Task to carry out:
Pictures stay out of the output. Return exactly the lines below from the one with "Orange and pink" down to the one with "زیر انداز بیمار", both included, and nothing more.

──────

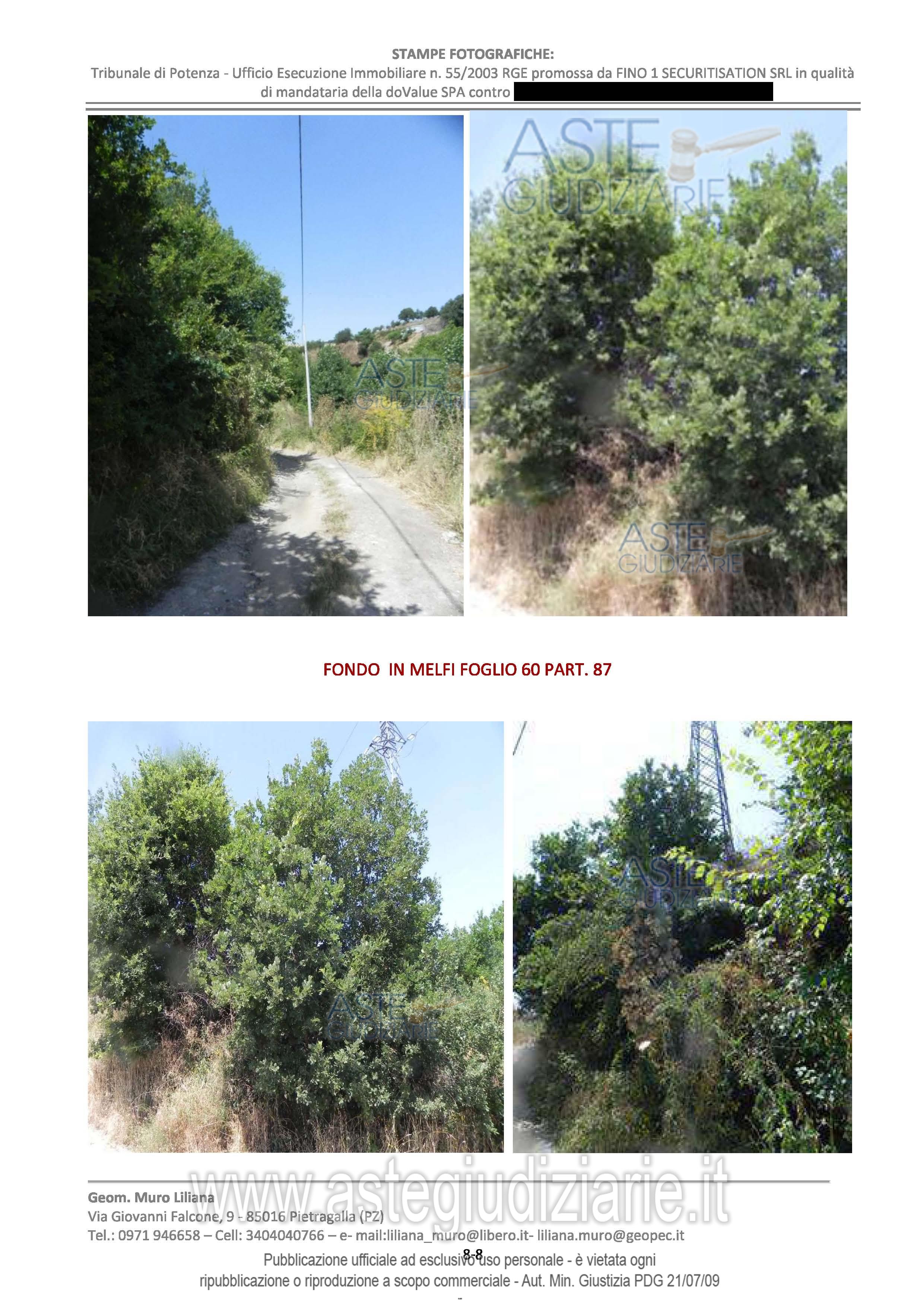 Custode Giudiziario: Avv. Antonio Calice - Email "studiocalice@virgilio.it"; Tel. 0972/720015; Cell. 335/6090455.
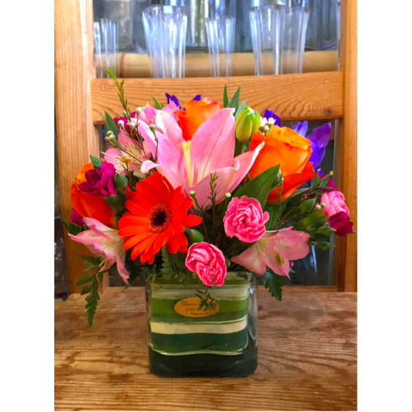 Orange and pink gerberas with lilies, roses, carnations, alstroemerias and other fillers in a glass cube.
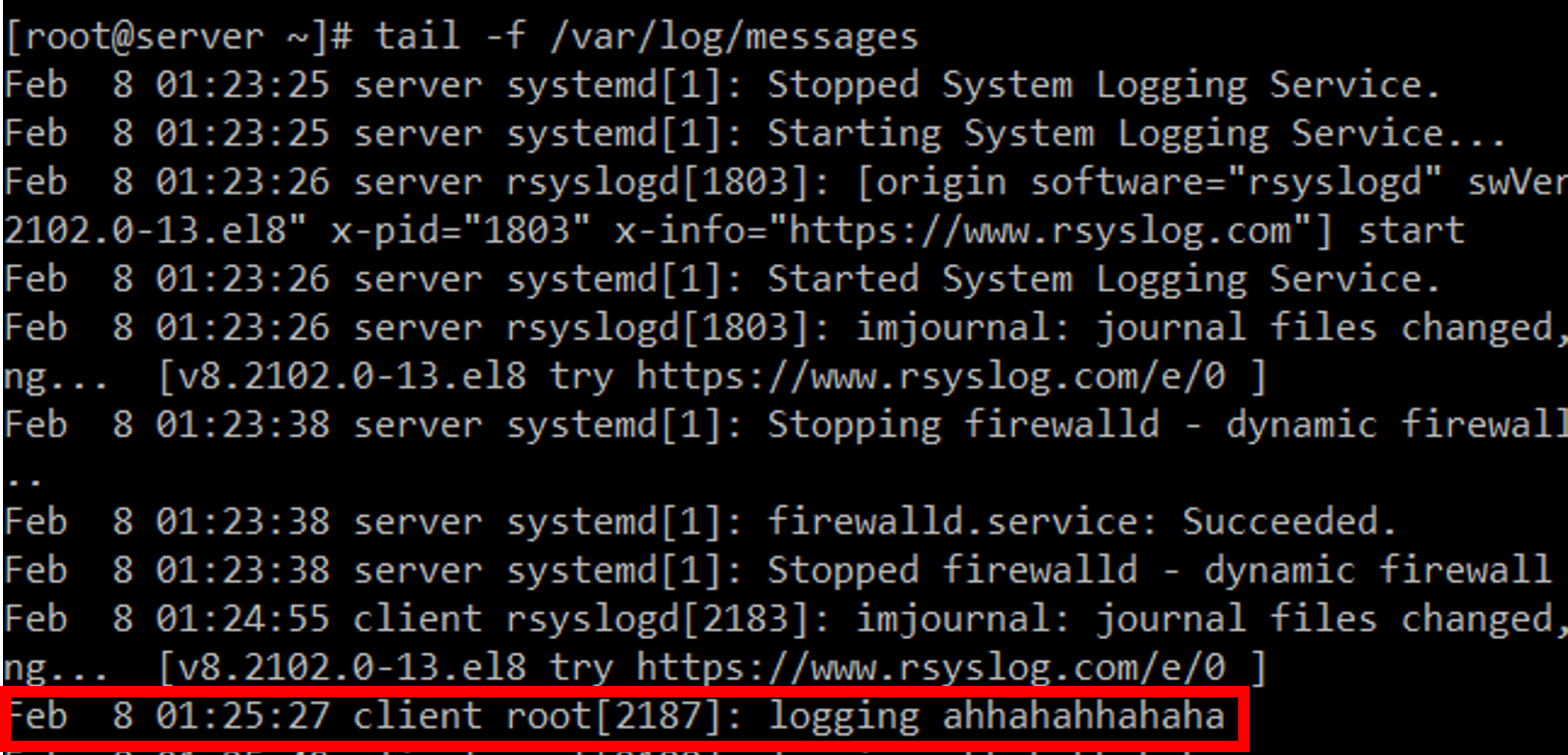 2. 서버) tail -f /var/log/messages 명령어를 통해서 로그를 확인한다. 로그를 실시간으로 확인할 수 있다.
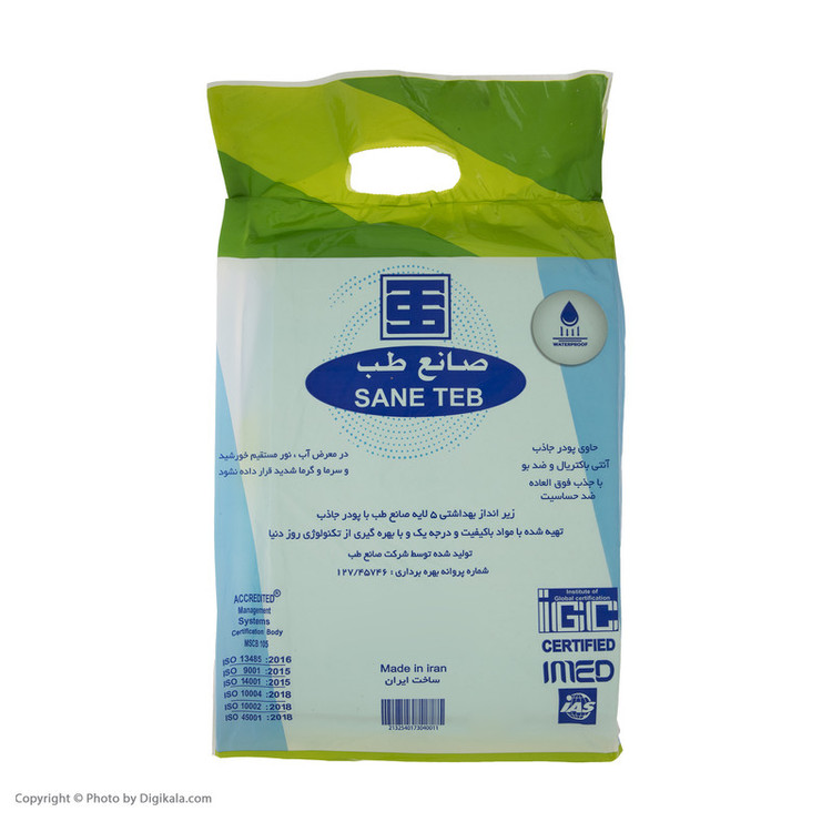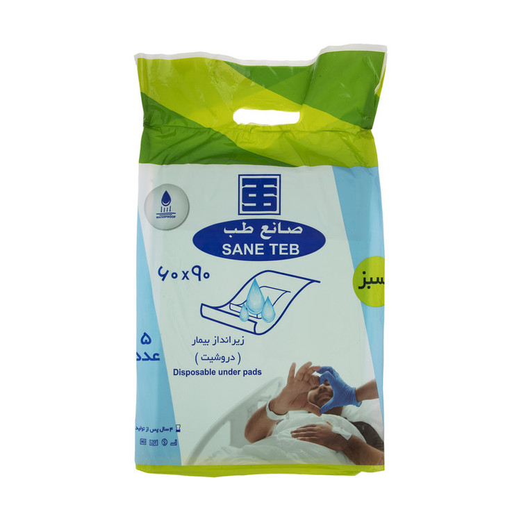 زیر انداز بیمار آنتی باکتریال و ضد بو و حساسیت سایز 60x90 سانتی متر تعداد در بسته 5 عدد با پودر جاذب و قدرت جذب بالا
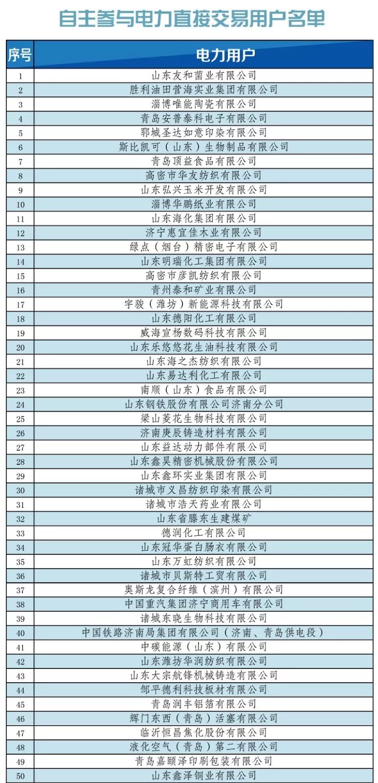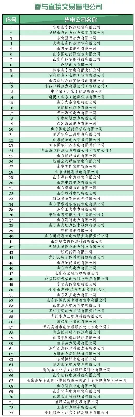 購電方:在山東電力交易中心網(wǎng)站公示通過、完成注冊且已經(jīng)提交有效2019年省內(nèi)電力用戶和銀東直流跨區(qū)交易用戶代理協(xié)議的售電公司;省能源局準許并在山東電力交易中心網(wǎng)站完成注冊、可自主參與2019年省內(nèi)電力直接交易的電力用戶(詳見下表)。
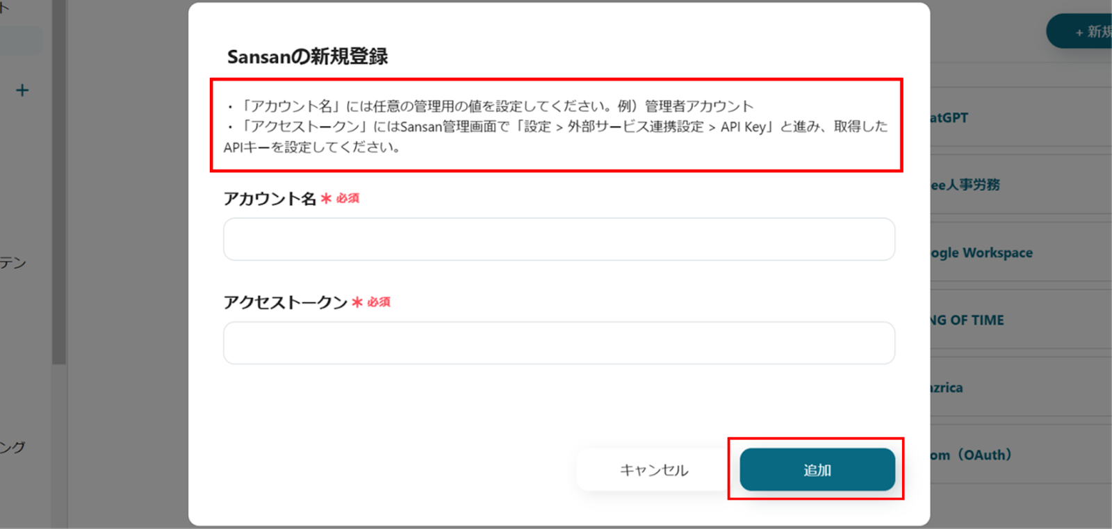 (6)「Sansanの新規登録」画面から赤枠を確認の上、アカウント名、アクセストークンを入力します。
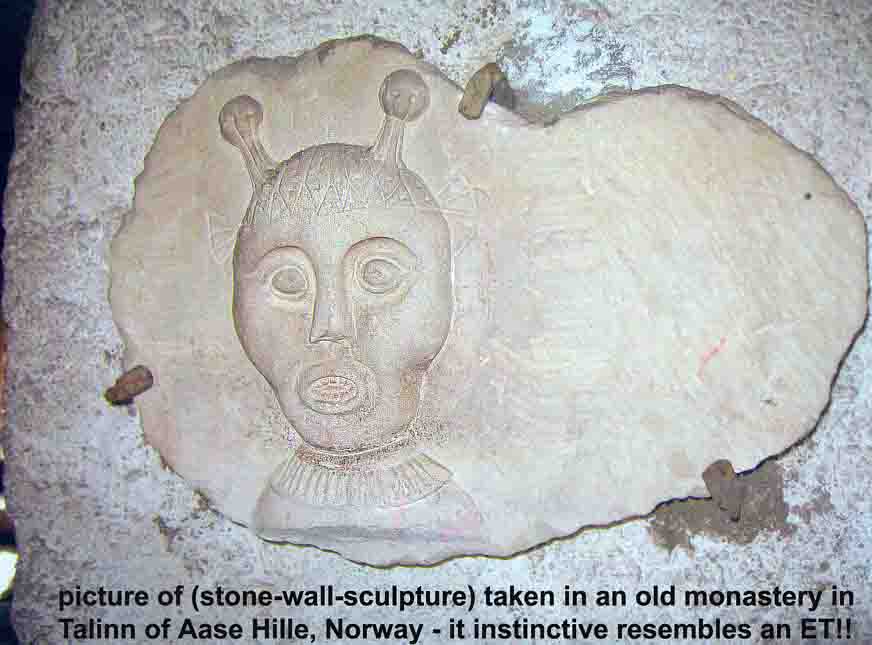 in many of the Rampa books - ex THE HERMIT - it is mentioned ETs with horn-like things on the head, but just this picture may also be on a helmet -like cap on this "ET".

──────

Task output:
 Orange and pink gerberas with lilies, roses, carnations, alstroemerias and other fillers in a glass cube.
 2. 서버) tail -f /var/log/messages 명령어를 통해서 로그를 확인한다. 로그를 실시간으로 확인할 수 있다.
 زیر انداز بیمار آنتی باکتریال و ضد بو و حساسیت سایز 60x90 سانتی متر تعداد در بسته 5 عدد با پودر جاذب و قدرت جذب بالا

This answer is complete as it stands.